2. La directrice de l’Unesco (dont l’élection, j’en sais quelque chose, a suscité, il y a un an, quelque espérance) ne prend pas, très vite, la décision de repousser à l’après-Ahmadinejad une manifestation qui, pour l’heure, ne peut que cautionner un régime qui censure, exile, emprisonne, assassine la pensée libre. L’Unesco n’en est pas à une forfaiture près. Mais celle-ci serait de taille. Et, le ridicule s’ajoutant au déshonneur, il n’est pas sûr qu’elle s’en remette.

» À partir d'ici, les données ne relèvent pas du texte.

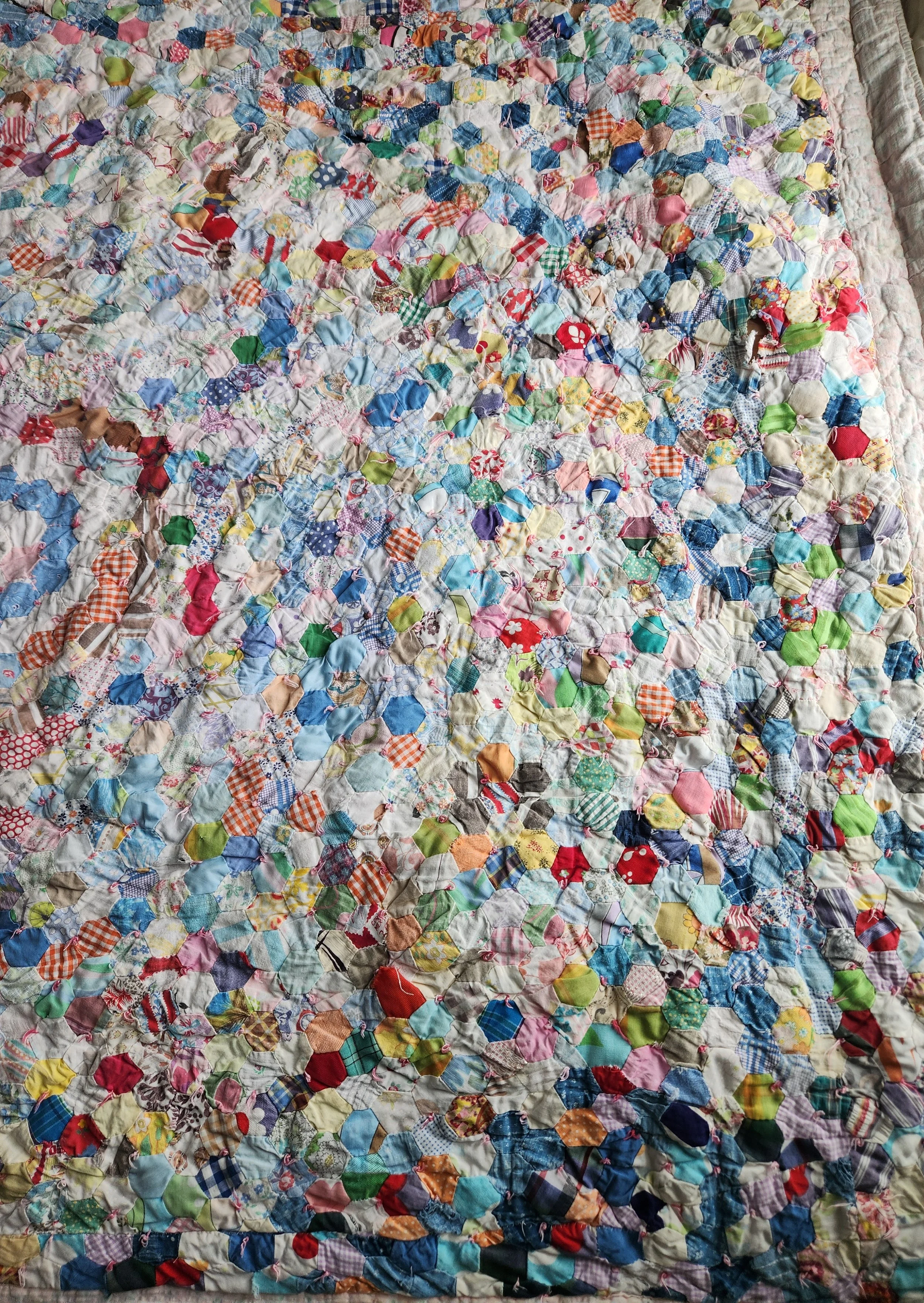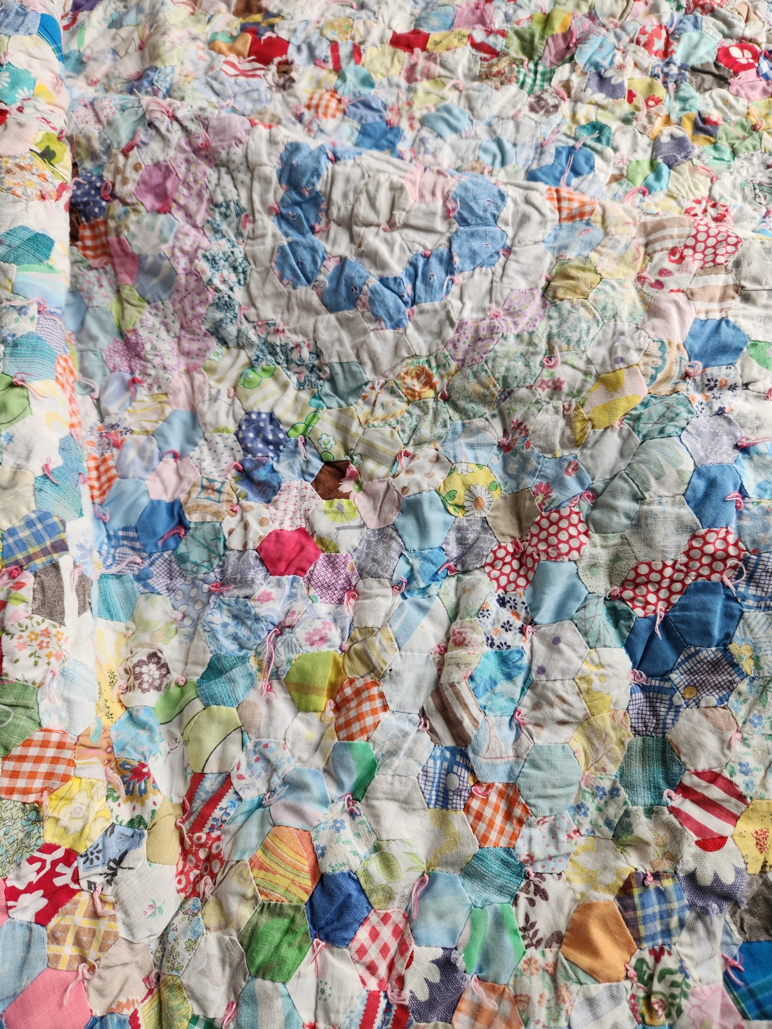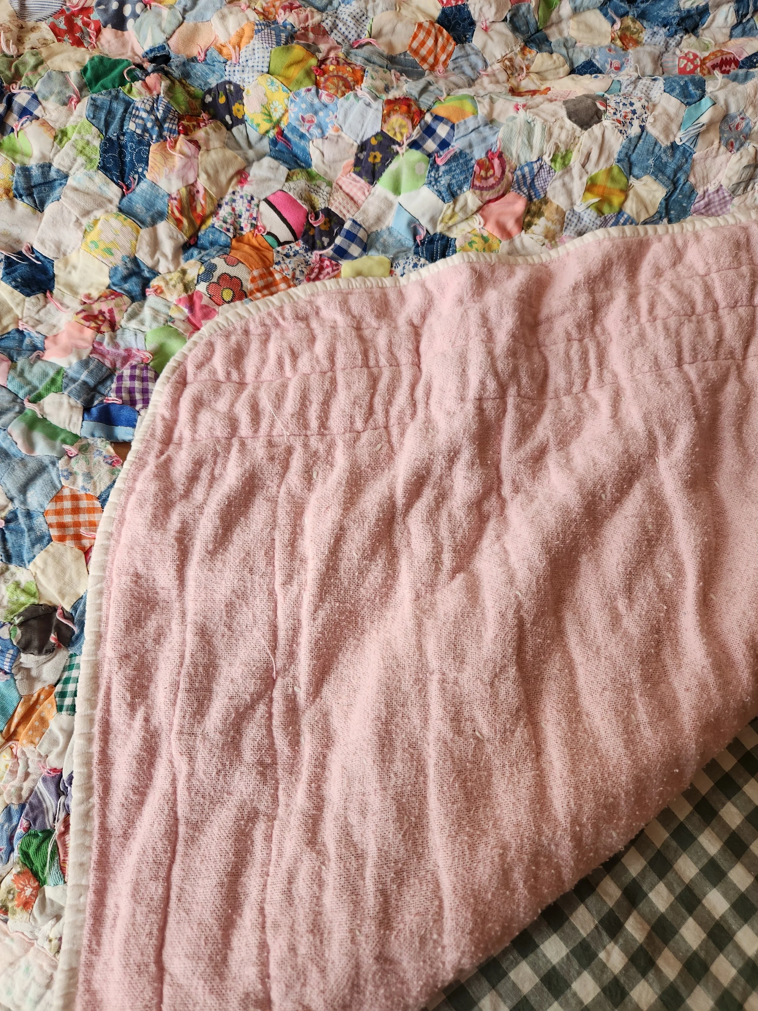 2025 › Vintage small Hexi quilt charming hand knotted comfortor pink flannel backing clean and so cozy! 55x70 Image 1 of 6 Image 2 of 6 Image 3 of 6 Image 4 of 6 Image 5 of 6 Image 6 of 6 Vintage small Hexi quilt charming hand knotted comfortor pink flannel backing clean and so cozy! 55x70 $98.00 Sold Out Sold Out Added!

La seconde affaire concerne la création d’ONU-Femmes, cette nouvelle agence des Nations unies chargée de promouvoir la cause des femmes dans le monde et où la région Asie a envoyé siéger, au directoire de 41 membres chargé de piloter la chose, une représentante… du gouvernement iranien. La vérité oblige à dire qu’il y a un autre pays que proposait le groupe Asie et dont le choix n’était guère plus heureux : le Pakistan. Pis : il semble que, dans le contingent de délégués réservé aux pays dits « donateurs », il y en ait un troisième dont la présence, dans ce conclave, est à peine moins incongrue – l’Arabie Saoudite. Mais enfin l’Iran… Le pays de Neda et de Sakineh chargé de faire avancer les droits des femmes… L’un des derniers endroits du monde où l’on condamne les épouses adultères à la lapidation censé promouvoir l’égalité entre les sexes et la lutte contre les discriminations… On voudrait croire à une blague. Ou, même, à une provocation. Mais non. C’est la réalité. C’est l’état, aux Nations unies, de ce rapport de forces que l’on a déjà vu opérer dans la composition de la commission des Droits de l’homme ainsi qu’à Durban I et II. Et c’est, en la circonstance, une gifle à toutes les femmes de la planète ; un crachat sur le visage des plus humiliées et martyrisées d’entre elles ; c’est une insulte au bon sens et un affront à la simple décence ; et c’est la garantie, de surcroît, que cette nouvelle agence est d’ores et déjà paralysée et, donc, mort-née. Appel à l’ex-présidente du Chili, Michelle Bachelet, qui, après moult tergiversations, a accepté la direction de ce machin : qu’elle use de son prestige pour récuser cette nomination insensée. Appel à Ban Ki-moon, que l’on n’a bizarrement pas entendu tout au long de l’affaire Sakineh : qu’il mette dans la balance ce qui lui reste d’autorité pour bloquer une décision dont l’inconséquence ferait sourire si elle n’était potentiellement tragique. Un commissaire iranien dans une agence chargée des droits des femmes, c’est comme un polpotien chargé des droits de l’homme ou un néonazi luttant contre l’antisémitisme : les Nations unies ne pourront pas éternellement jouer avec le pire ; le moment approche où, de petits arrangements en grandes reculades, de concessions culturalistes en coups de force totalitaires, c’est l’institution même qui sera bonne à mettre à la casse.